Israel has kept true to this promise. The 2009 UN Fact-Finding Mission to the Gaza Conflict, better known as the Goldstone Mission, concluded “from a review of the facts on the ground that it witnessed for itself that what was prescribed as the best strategy [Dahiya Doctrine] appears to have been precisely what was put into practice.”

According to the National Lawyers Guild, Physicians for Human Rights-Israel, Human Rights Watch and Amnesty International, Israel directly targeted civilians or recklessly caused civilian deaths during Operation Cast Lead. Far from avoiding the deaths of civilians, Israel effectively considers them legitimate targets.
5) Hamas hides its weapons in homes, mosques and schools and uses human shields.
This is arguably one of Israel’s most insidious claims, because it blames Palestinians for their own death and deprives them of even their victimhood. Israel made the same argument in its war against Lebanon in 2006 and in its war against Palestinians in 2008. Notwithstanding its military cartoon sketches, Israel has yet to prove that Hamas has used civilian infrastructure to store military weapons. The two cases where Hamas indeed stored weapons in UNRWA schools, the schools were empty. UNRWA discovered the rockets and publicly condemned the violation of its sanctity.

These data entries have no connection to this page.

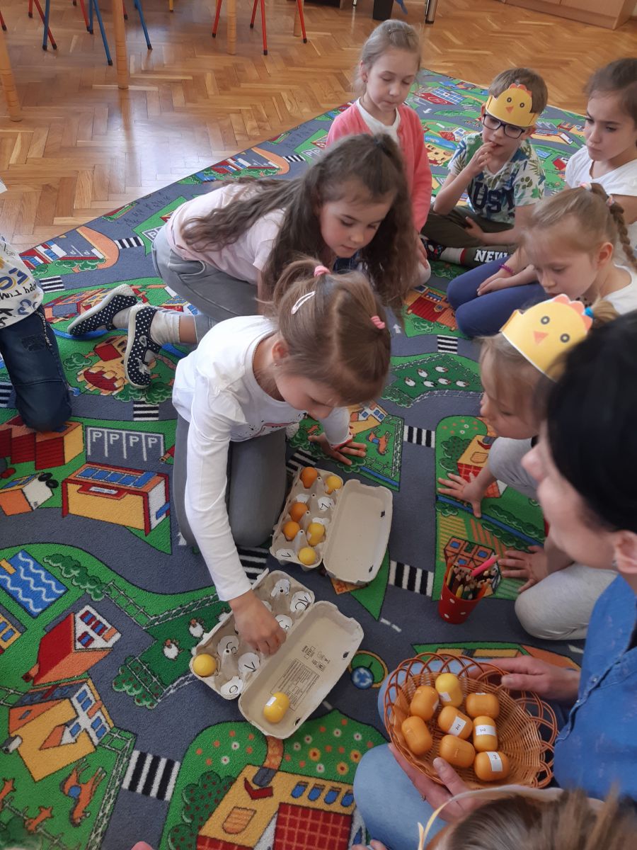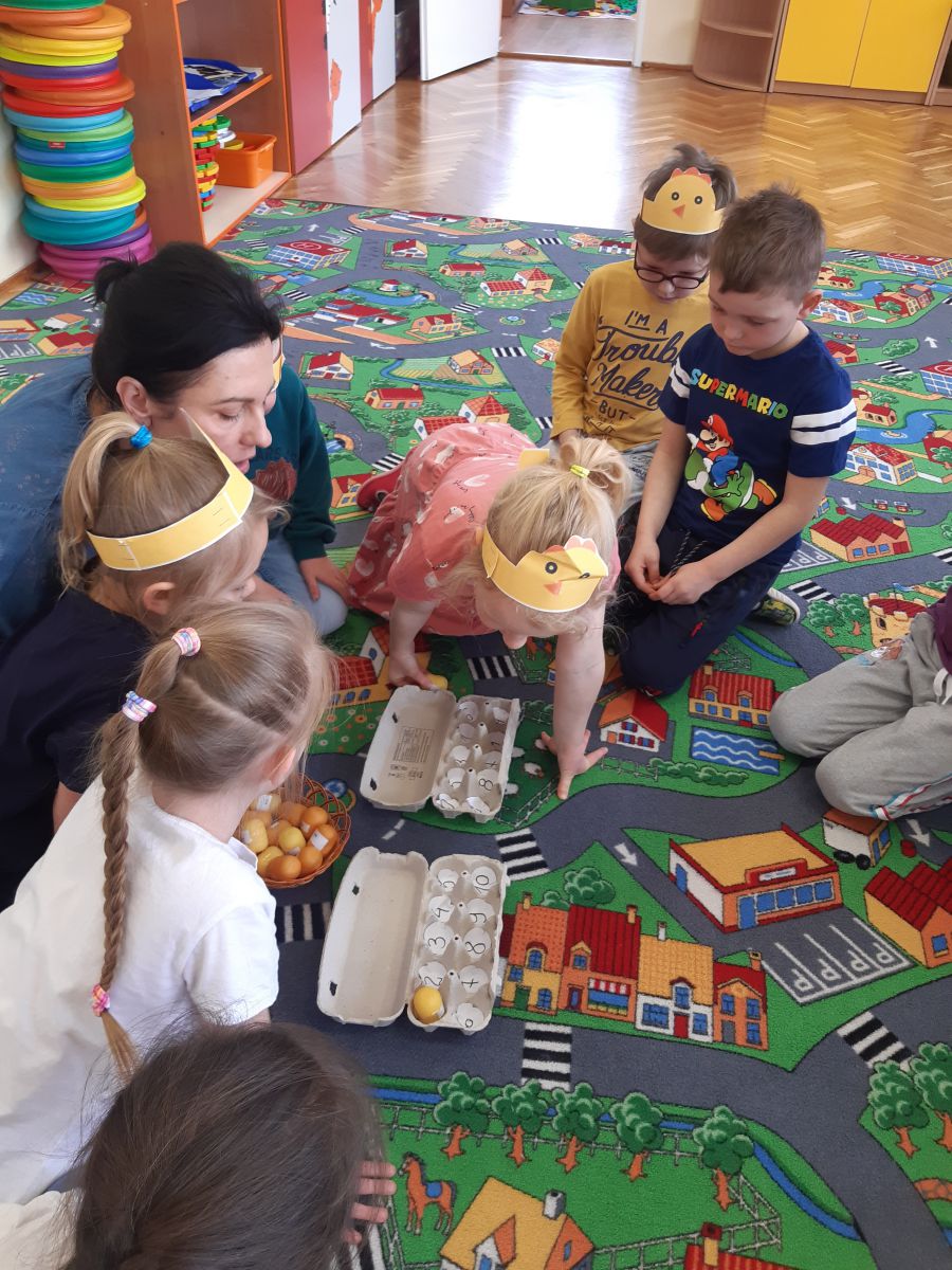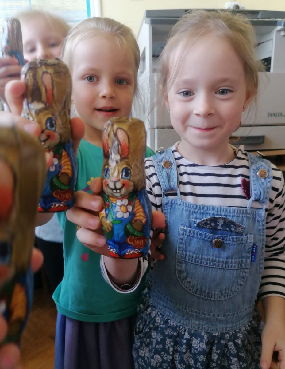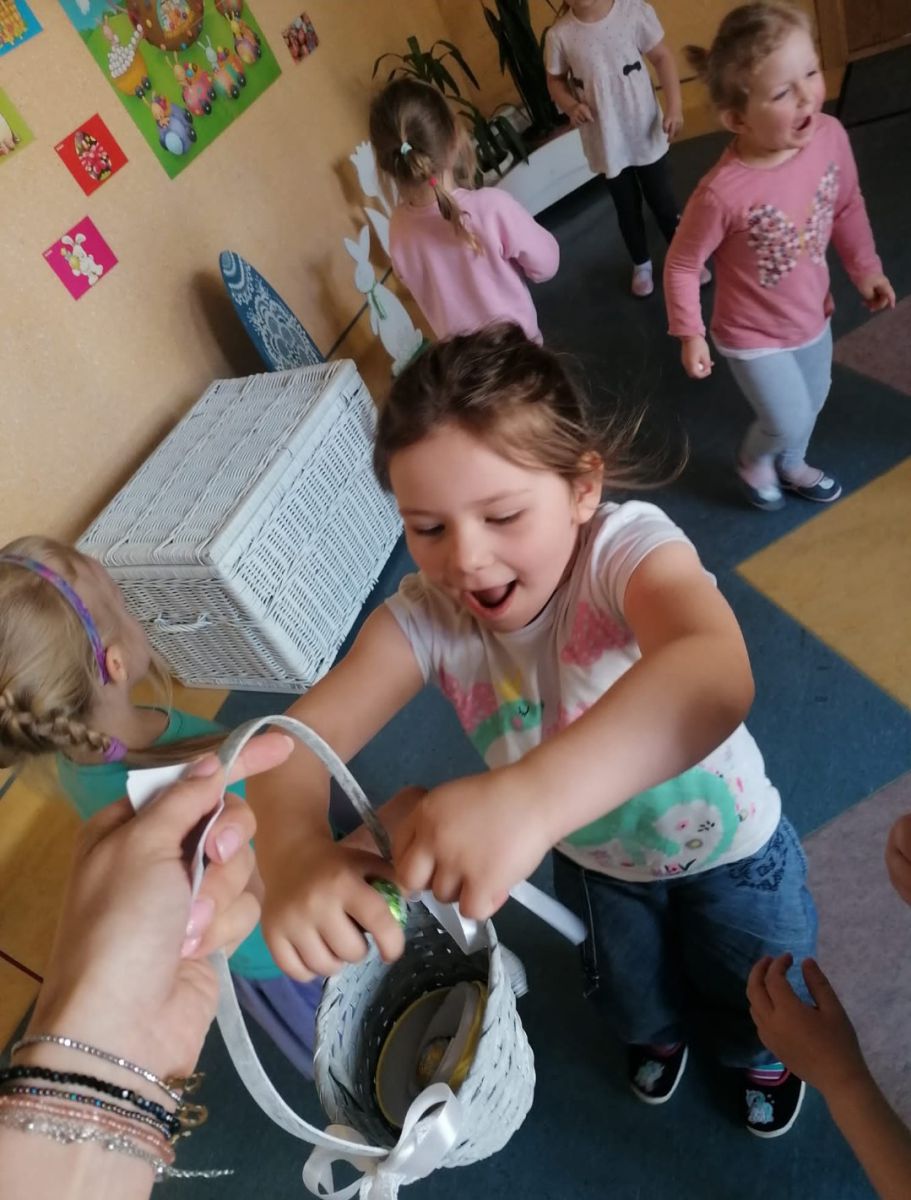 Pierwszym zadaniem dzieci był wysiew owsa i rzeżuchy, których zieleń symbolizuje budzące się życie. Każda grupa przygotowywała ciekawe ozdoby, które wymagały dużego zaangażowania i cierpliwości przy ich wykonaniu. Sale i korytarze naszego przedszkola wypełniły się pięknymi ozdobami świątecznymi. Nie zabrakło różnorodnych pisanek i kartek świątecznych oraz prac tematycznie związanych ze świętami. Aktywny udział dzieci w przygotowaniach pozwala bliżej poznać tradycje związane z Wielkanocą i wprowadza je w świąteczny nastrój oczekiwania. Dzieci poznawały i wymieniały tradycje jakie są co roku w ich domach: święcenie koszyczka z pokarmami, pieczenie bab wielkanocnych oraz polewanie się wodą w śmigus dyngus. W grupie „Wesołych Nutek” przedszkolaki ,idąc śladami czekoladowych jajeczek poszukiwały zajączka. Było dużo radości i niespodzianek.Niech te Święta Wielkiej Nocy będą czasem radośnie spędzonych wspólnie z dziećmi chwil!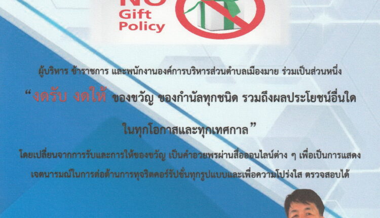 องค์การบริหารส่วนตำบลเมืองมาย นำโดย นายติ๊บ บุญยืน นายกองค์การบริหารส่วนตำบลเมืองมาย คณะผู้บริหาร ข้าราชการ และพนักงานองค์การบริหารส่วนตำบลเมืองมาย ร่วมเป็นส่วนหนึ่งในการสนับสนุนนโยบาย #No #Gift #Policy “#งดรับ #งดให้ ของขวัญ ของกำนัลทุกชนิด รวมถึงผลประโยชน์อื่นใดในทุกโอกาสและทุกเทศกาล ”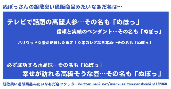 | 男性向けラノベタイトル風あだ名 | 『ヌポッスレイヤー』『魔弾の王とぬぽっ』 |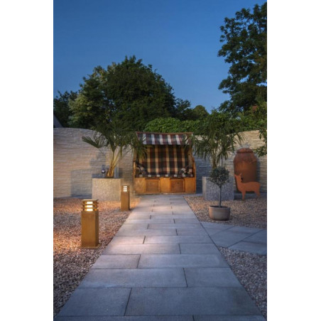 Description: Lampadaire Outdoor RUSTY SQUARE 40, LED, 3000 K, carré, acier rouillé, 12 x 12 x 40 cm (Lxlxh)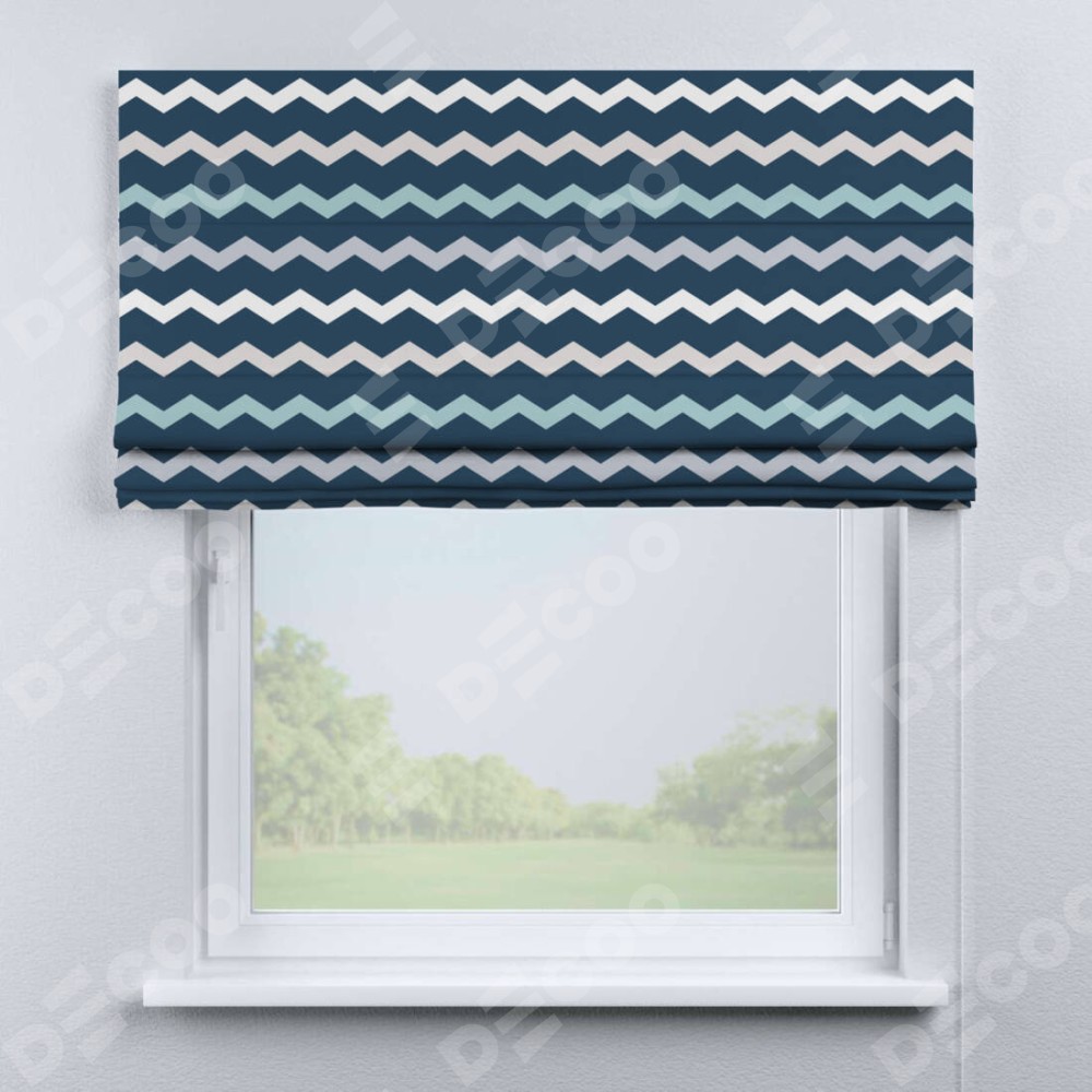 Римская штора «Кортин» для проема «Морской шеврон» отлично подойдёт для интерьера: подростку в комнату, в офис и в спальню.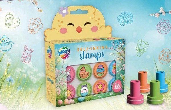 Velikonoční razítka, 12 různých motivů - barevná razítka pro děti, která nepotřebují inkoust. Podporují kreativitu, fantazii a jemnou motoriku. Ideální na tvoření, zdobení, přání i vzdělávací hry.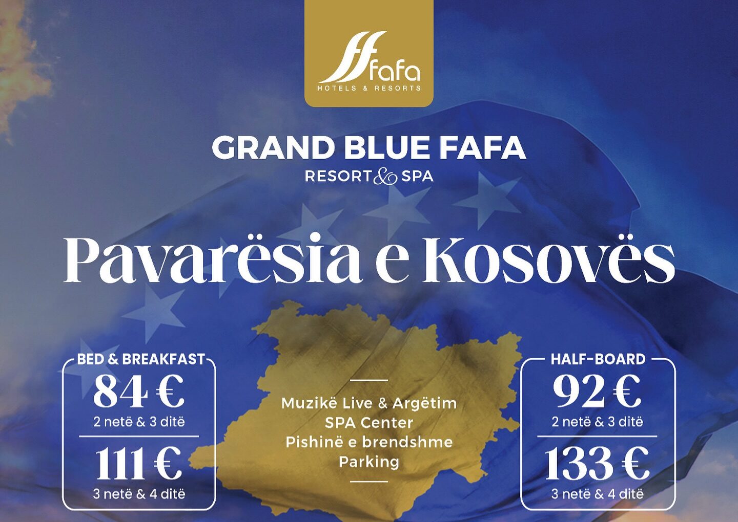 Në bregdetin magjepsës të Golemit, mes tingujve të valëve dhe një atmosfere relaksuese, Grand Blue Fafa Resort & Spa ju fton të festoni Pavarësinë e Kosovës me një ofertë të veçantë. Për disa ditë larg përditshmërisë, ky resort luksoz do të bëhet vendi ideal për të shijuar qetësinë, ushqimin e shkëlqyer dhe shërbimet ekskluzive.

International human rights organizations that have investigated these claims have determined that they are not true. It attributed the high death toll in Israel’s 2006 war on Lebanon to Israel’s indiscriminate attacks. Human Rights Watch notes:
The evidence Human Rights Watch uncovered in its on-the-ground investigations refutes [Israel’s] argument…we found strong evidence that Hezbollah stored most of its rockets in bunkers and weapon storage facilities located in uninhabited fields and valleys, that in the vast majority of cases Hezbollah fighters left populated civilian areas as soon as the fighting started, and that Hezbollah fired the vast majority of its rockets from pre-prepared positions outside villages.
In fact, only Israeli soldiers have systematically used Palestinians as human shields. Since Israel’s incursion into the West Bank in 2002, it has used Palestinians as human shields by tying young Palestinians onto the hoods of their cars or forcing them to go into a home where a potential militant may be hiding.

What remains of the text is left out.